Author:	Cucho Lambreta [ Thu Jan 30, 2020 12:13 pm ]
Post subject:	Re: The Mana Clinic
Sooooo If I'm splashing a color on a 24 land deck and I have seven 3 cmc gold spells that I want to be able to cast on turn 4 how many sources do I need? I'm thinking 12...

Author:	DJ0045 [ Thu Jan 30, 2020 12:24 pm ]
Post subject:	Re: The Mana Clinic
Cucho Lambreta wrote: Sooooo If I'm splashing a color on a 24 land deck and I have seven 3 cmc gold spells that I want to be able to cast on turn 4 how many sources do I need? I'm thinking 12... It's probably 11, but 12 won't hurt you if you have the room. Unless it has a double mana cost of the splashed color, in which case you'd need 18(!).
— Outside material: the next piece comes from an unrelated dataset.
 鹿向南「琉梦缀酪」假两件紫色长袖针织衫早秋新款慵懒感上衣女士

Interestingly, those 7 cards are likely to completely define your mana base on their own. Between them they will probably drive ALL decisions about mana colors for the entire deck. Crazy how that works when you think about it. Even more so if they were 2 CMC instead.

Author:	Sol77_bla [ Fri Feb 07, 2020 4:10 am ]
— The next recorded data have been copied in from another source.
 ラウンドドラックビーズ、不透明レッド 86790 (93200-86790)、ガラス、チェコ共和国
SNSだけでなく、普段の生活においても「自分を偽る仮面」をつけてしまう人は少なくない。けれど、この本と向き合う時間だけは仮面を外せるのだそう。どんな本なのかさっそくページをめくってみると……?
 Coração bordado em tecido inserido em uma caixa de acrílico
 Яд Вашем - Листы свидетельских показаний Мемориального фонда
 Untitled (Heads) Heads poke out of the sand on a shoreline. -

Post subject:	Re: The Mana Clinic
DJ, help me with the odds: In a regular 2-color draft deck, what are the odds of getting at least one basic of both colors? For simplification purposes, I assume 8 of each color. Not getting one of 8 Swamps for example is ~18%, that's how far I get. I don't know how to combine this with the odds for the other color. Multiplying is certainly wrong for the odds of failing on either color have to be higher. As an aside, why is this 18% x 18% = ~3% not the same as the odds for getting no land at all, which I have at ~2%? But back to the original question: Adding these up would give me 36% chance to fail, can this high be correct? I certainly feel like I get these hands all the time in draft, so that would explain it.

Author:	DJ0045 [ Fri Feb 07, 2020 11:26 am ]
Post subject:	Re: The Mana Clinic
The reason the math doesn’t work is that the two events are not independent. Hyper geometric distribution calculators (online one) only work when you ask a simpler question, like the odds of at least one land in a 7 card hand. As soon as you ask a more complicated question, you need to think in terms of combinations instead. What you want here, depends on what you are asking. For example, do you mean exactly one of each? At least one of each? Percent chance of getting at least one but not the other? Unfortunately, each one has slightly different calculations. The basic form can be found here: http://birdsofparadise-mtg.blogspot.com ... etric.html For your question, I think you want (8 choose 1)(8 choose 0)(24 choose 6)/(40 choose 7) Let me englishify this for you: the first term is how many ways we can pick one mountain from 8, next is how many ways to get 0 swamps from 8 (slightly tricky concept, but the answer is just 1 by definition), then how many ways can the rest of the deck be ordered (huge number here), divided by how many ways can the whole deck be ordered (even bigger number). Why the number choices? 8 land one mountain, 8 lands no swamps, 24 remaining cards (40-16 lands) with 6 chosen (doesn’t matter which), 40 and 7 just are deck size and hand size. The problem is that your question is more complicated. Depending on what you specifically want to ask, you may need to sum across multiple calculated probabilities (for the at least one, I think we need to sum 8 calculations, but I need to think about it). That said, I think I figured out an easier way to do this last time I looked at it, let me think on it, and I’ll share it when I remember. complex mathematical proof is not needed, but it exists, in case you ever feel like going full nerd.